Problem :: Everything in the data below is left aside except the lines from the one containing "本指标用于追踪个股筹码分布变" through the one containing "爱国者(aigo)F70 黑色 电脑主机箱"; repeat those exactly.

Materials provided ::
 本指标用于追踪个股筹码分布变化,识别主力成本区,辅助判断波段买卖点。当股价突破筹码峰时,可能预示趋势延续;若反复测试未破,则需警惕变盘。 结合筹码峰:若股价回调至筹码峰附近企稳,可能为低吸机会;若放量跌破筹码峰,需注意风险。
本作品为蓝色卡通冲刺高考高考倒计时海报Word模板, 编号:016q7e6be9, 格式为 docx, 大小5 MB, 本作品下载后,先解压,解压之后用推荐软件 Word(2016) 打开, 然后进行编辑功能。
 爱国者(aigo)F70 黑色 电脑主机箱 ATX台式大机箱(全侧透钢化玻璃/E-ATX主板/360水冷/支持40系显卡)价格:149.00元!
...
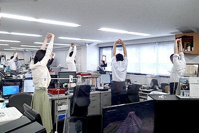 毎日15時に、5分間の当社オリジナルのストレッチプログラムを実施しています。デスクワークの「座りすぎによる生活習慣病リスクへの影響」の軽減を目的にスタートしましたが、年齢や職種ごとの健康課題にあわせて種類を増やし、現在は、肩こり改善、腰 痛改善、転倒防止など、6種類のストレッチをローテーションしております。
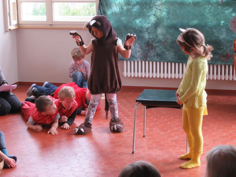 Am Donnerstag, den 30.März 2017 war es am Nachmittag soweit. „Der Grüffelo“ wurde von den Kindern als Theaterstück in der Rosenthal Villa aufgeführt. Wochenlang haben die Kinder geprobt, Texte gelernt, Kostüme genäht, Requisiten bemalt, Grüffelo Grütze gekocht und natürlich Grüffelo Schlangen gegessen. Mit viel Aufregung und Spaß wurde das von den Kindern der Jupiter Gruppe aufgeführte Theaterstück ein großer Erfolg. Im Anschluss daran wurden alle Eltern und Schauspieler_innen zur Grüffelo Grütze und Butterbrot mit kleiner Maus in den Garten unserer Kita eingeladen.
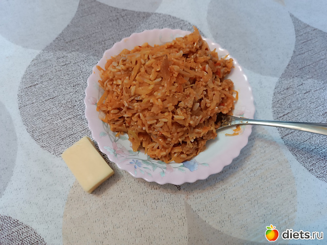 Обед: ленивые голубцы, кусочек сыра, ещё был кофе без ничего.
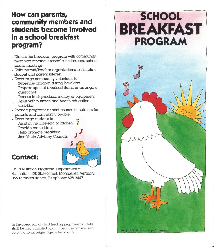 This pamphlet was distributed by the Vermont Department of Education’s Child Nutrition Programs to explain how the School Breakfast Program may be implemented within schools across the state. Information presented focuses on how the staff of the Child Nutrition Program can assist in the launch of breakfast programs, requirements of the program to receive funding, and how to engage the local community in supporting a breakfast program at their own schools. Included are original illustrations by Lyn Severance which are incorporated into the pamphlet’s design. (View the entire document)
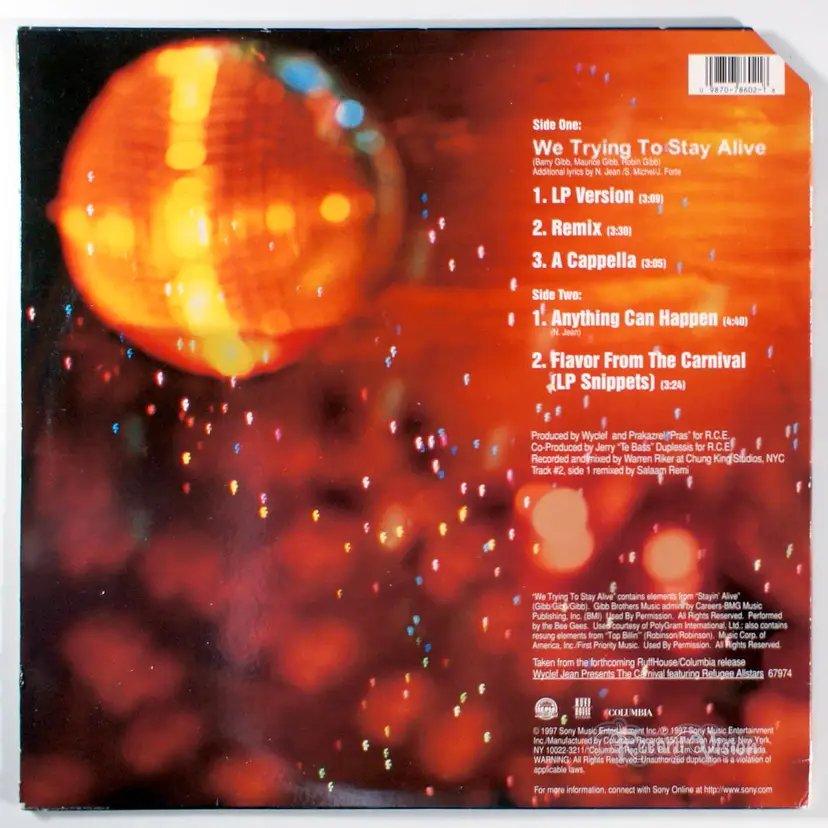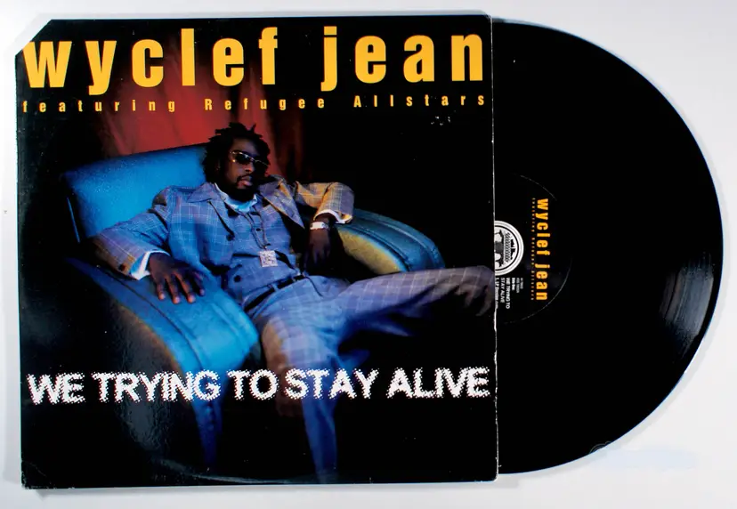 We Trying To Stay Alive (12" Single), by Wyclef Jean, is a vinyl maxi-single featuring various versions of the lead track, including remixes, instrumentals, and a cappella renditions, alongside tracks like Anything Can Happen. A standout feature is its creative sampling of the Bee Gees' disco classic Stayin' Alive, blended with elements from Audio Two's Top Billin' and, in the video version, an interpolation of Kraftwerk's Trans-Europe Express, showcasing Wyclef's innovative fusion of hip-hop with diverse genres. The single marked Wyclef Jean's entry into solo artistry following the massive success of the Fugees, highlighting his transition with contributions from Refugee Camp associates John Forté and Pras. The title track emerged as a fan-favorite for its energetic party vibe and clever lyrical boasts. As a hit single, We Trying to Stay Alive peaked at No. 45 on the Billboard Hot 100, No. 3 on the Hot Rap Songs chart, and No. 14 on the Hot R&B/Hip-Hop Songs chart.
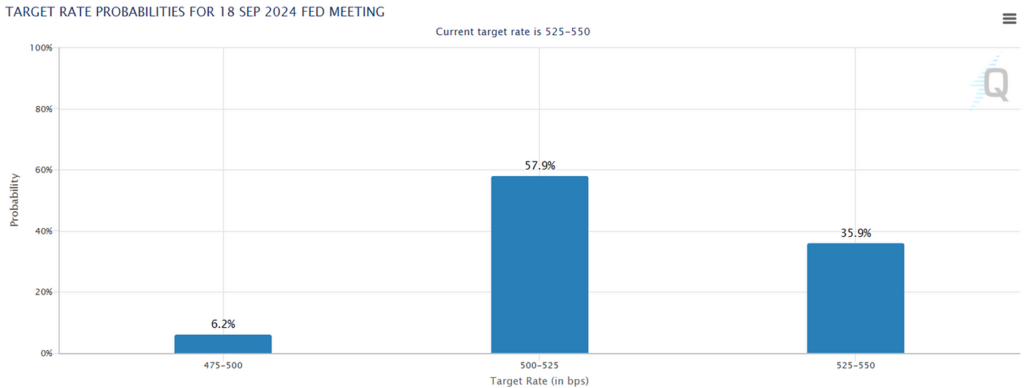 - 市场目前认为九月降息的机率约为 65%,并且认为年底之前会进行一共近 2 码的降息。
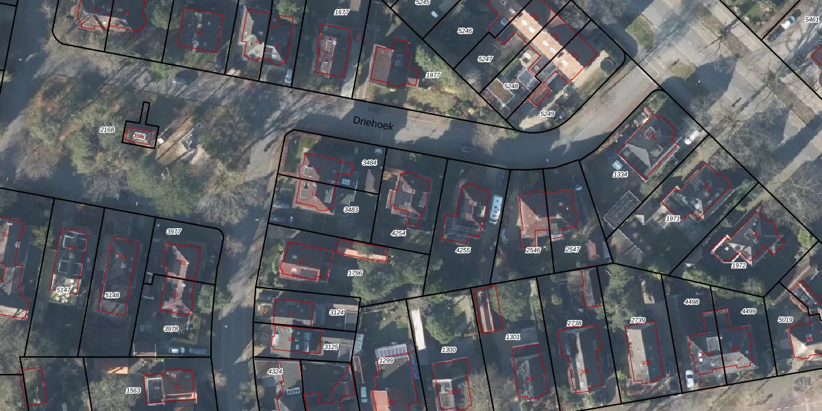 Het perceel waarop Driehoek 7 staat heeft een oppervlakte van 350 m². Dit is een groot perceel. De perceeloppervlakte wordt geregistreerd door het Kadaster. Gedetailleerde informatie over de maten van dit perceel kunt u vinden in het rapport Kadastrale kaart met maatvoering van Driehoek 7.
...
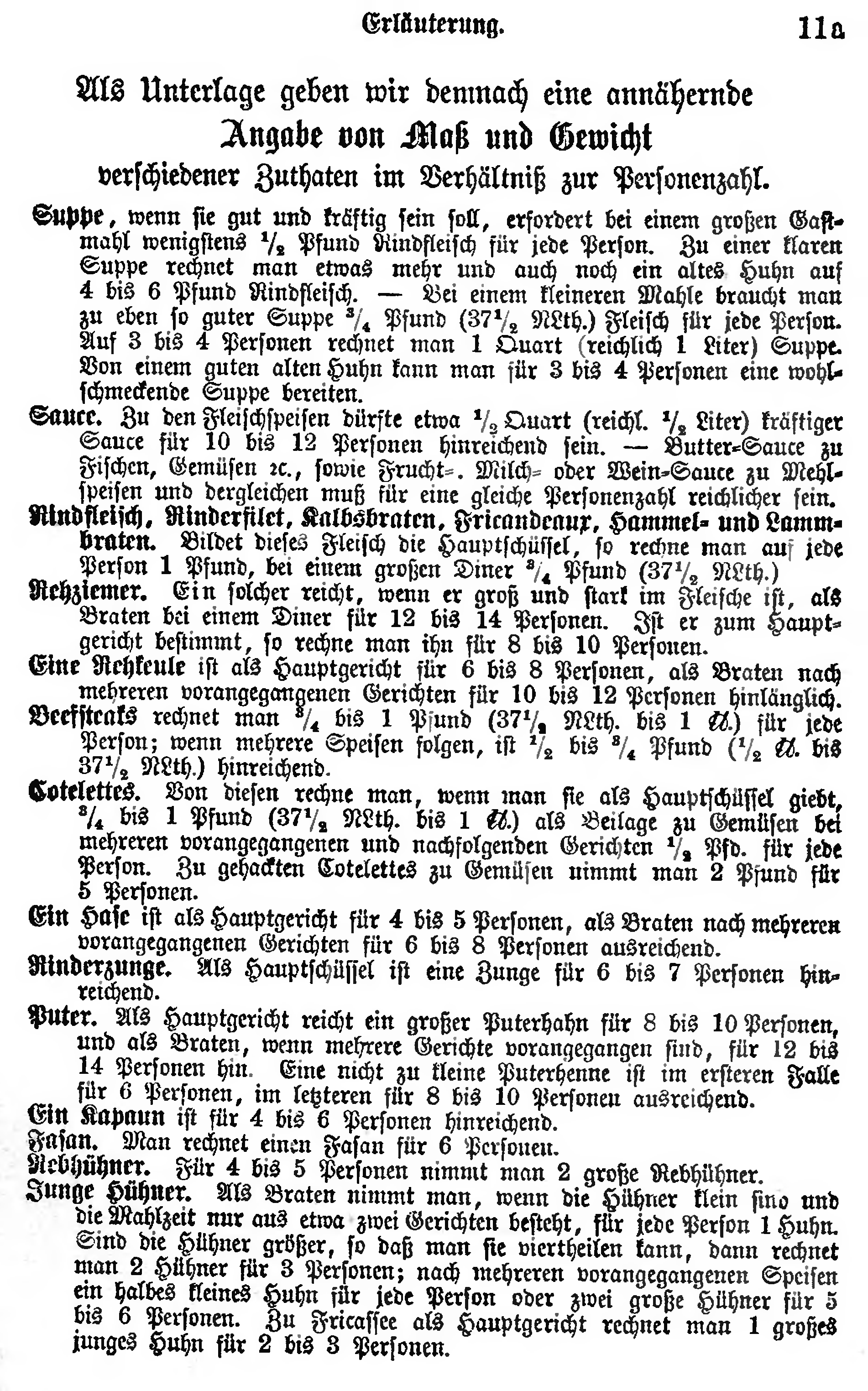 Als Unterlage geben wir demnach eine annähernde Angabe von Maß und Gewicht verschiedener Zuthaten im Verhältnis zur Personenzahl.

Answer space ::
 本指标用于追踪个股筹码分布变化,识别主力成本区,辅助判断波段买卖点。当股价突破筹码峰时,可能预示趋势延续;若反复测试未破,则需警惕变盘。 结合筹码峰:若股价回调至筹码峰附近企稳,可能为低吸机会;若放量跌破筹码峰,需注意风险。
本作品为蓝色卡通冲刺高考高考倒计时海报Word模板, 编号:016q7e6be9, 格式为 docx, 大小5 MB, 本作品下载后,先解压,解压之后用推荐软件 Word(2016) 打开, 然后进行编辑功能。
 爱国者(aigo)F70 黑色 电脑主机箱 ATX台式大机箱(全侧透钢化玻璃/E-ATX主板/360水冷/支持40系显卡)价格:149.00元!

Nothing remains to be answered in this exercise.